Article 4: A Hierarchical Approach for Triage on Family Health Care
Foreword
Introduction
Thus, the approach proposed in this work is inspired by Primary Health Care Institutions (PHFs) implementing a family health care strategy in the city of Rio de Janeiro. In this paper, we propose an approach to provide multiple inputs to the risk assessment process in primary health care.
Motivation
We use concepts of Fuzzy Logic and Analytical Hierarchy Process (AHP) to contribute to the standardization of this process, to minimize discrepancies in patient risk assessments between teams, thereby improving the quality of decision making.
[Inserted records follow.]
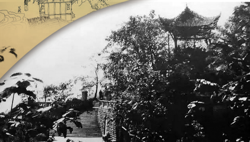
1950年前后的人民公园
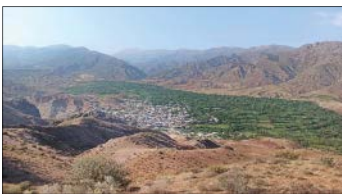
طرح بیژن گورانی

روستای برندق به‌تازگی شرایط قرارگیری در شبکه‌جهانی روستاهای موردتائید سازمان جهانی گردشگری را دریافت کردکه می‌تواند تحولی اساسی در مسیر توسعه این روستا ایجاد کند. این روستا در نقطه تلاقی سه استان اردبیل، آذربایجان شرقی و زنجان است. از قسمت شمالی متصل به تمام مراتع و دامنه‌های کوه آق‌داغ(از کوه‌های معروف استان اردبیل که اثر طبیعی ملی بوده و محل زیست انواع وحوش، کل و بز و پلنگ ایرانی و به ارتفاع ۳۳۳۳ متر) و از قسمت غرب تا رودخانه معروف قزل‌اوزن کشیده شده است. برندق میان دو رودخانه به نام زال و گل‌بندر قرار دارد، طبیعت بکر منطقه روبار را در حاشیه رودخانه دهستان از مکان‌های دیدنی و خاص است که برای مردم محلی تفرجگاه بسیار آرام و لذت‌بخشی است و گاهی مردم در آنجا به ماهیگیری نیز مشغول می‌شوند. ازجمله نکته‌های جالب فرهنگ مردم این روستا که نسبت به محیط زیست دارند، جمع‌آوری زباله و اهمیت دادن به طبیعت است و چهارم فروردین، روز پاک‌برندق نامگذاری شده و مردم در این روز با همکاری هم به جمع‌آوری زباله و پاکسازی محیط روستا اقدام می‌کنند. این روستا از پرباغ‌ترین روستاهای شهرستان خلخال و استان اردبیل است و علاوه بر انواع میوه‌های رنگارنگ تابستانی، محصولات خشکباری مثل توت خشک، انجیر خشک، کشمش، بادام زمینی، گردو، بادام و تخمه آفتابگردان نیز در این روستا به صورت گسترده کشت‌شده و ضمن تأمین نیازهای داخلی و منطقه‌ای به خارج از استان نیز صادر می‌شود. صنایع‌دستی به‌ویژه انواع بافت مثل جاجیم‌بافی و فرش‌بافی و جلیقه‌بافی هم در این روستا رونق دارد.
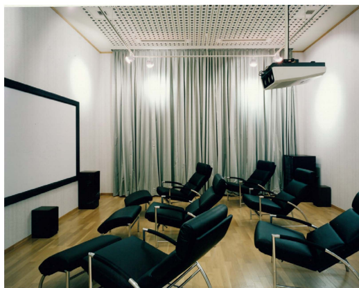
〔AVルーム〕 ビデオ鑑賞など
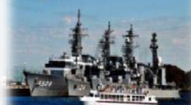
艦船を間近で見学
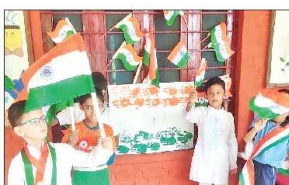
सुजन स्पेशल स्कूल में स्वतंत्रता दिवस पर कार्यक्रम करते बच्चे।
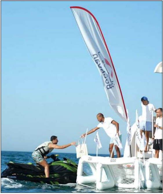
جانب من الفعالية وتوزيع الهدايا
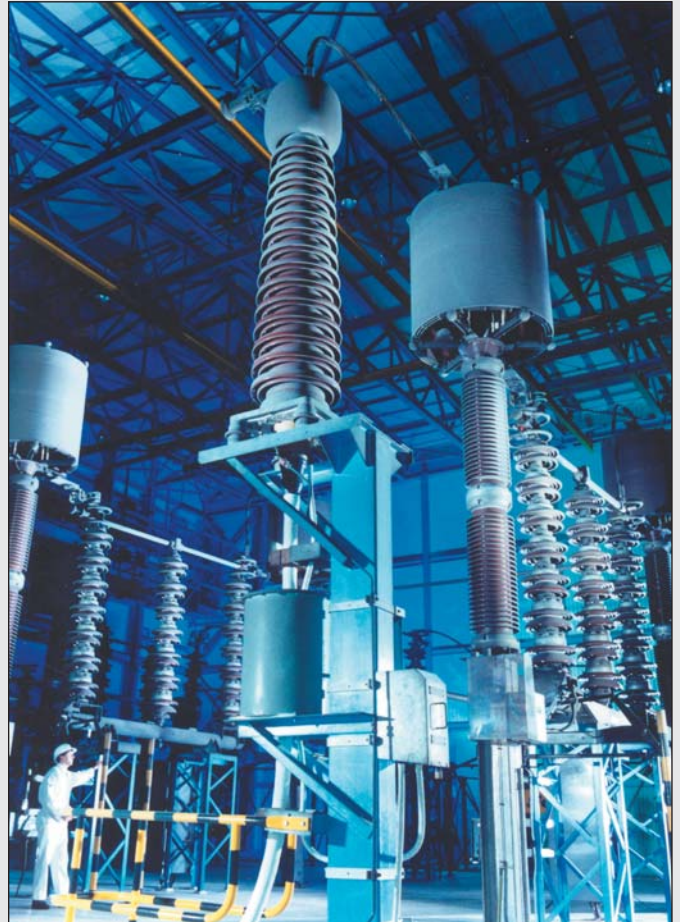
Central eléctrica (Peterhead CS)

Cermet II es la solución tanto para la gestión energética como de control de calidad en el suministro de gases y aire comprimido desde secadores de adsorción de regeneración de calor. La durabilidad del sensor cerámico avanzado de humedad garantiza un servicio de larga duración en aplicaciones como el secado de tuberías con vacío y técnicas de purgado de gas seco.

Considering the range of decisions that professionals make in carrying out their activities, the complexity of the system in which their work is carried out, which literally involves the life and death of people – the approach presented in this article can make an important contribution to improving working conditions, providing more input for decision-making.
Results
This set of criteria/symptoms proposed by the authors was presented to the professionals working in PHF. In the case shown in this work, for each degree of risk represented by a color there is a series of criteria.
Conclusions and Further Work
In this chapter we present a discussion of the results of this thesis, as a summary of the discussions presented in the results chapter. Making Health Care Safer II: An updated critical analysis of the evidence for patient safety practices.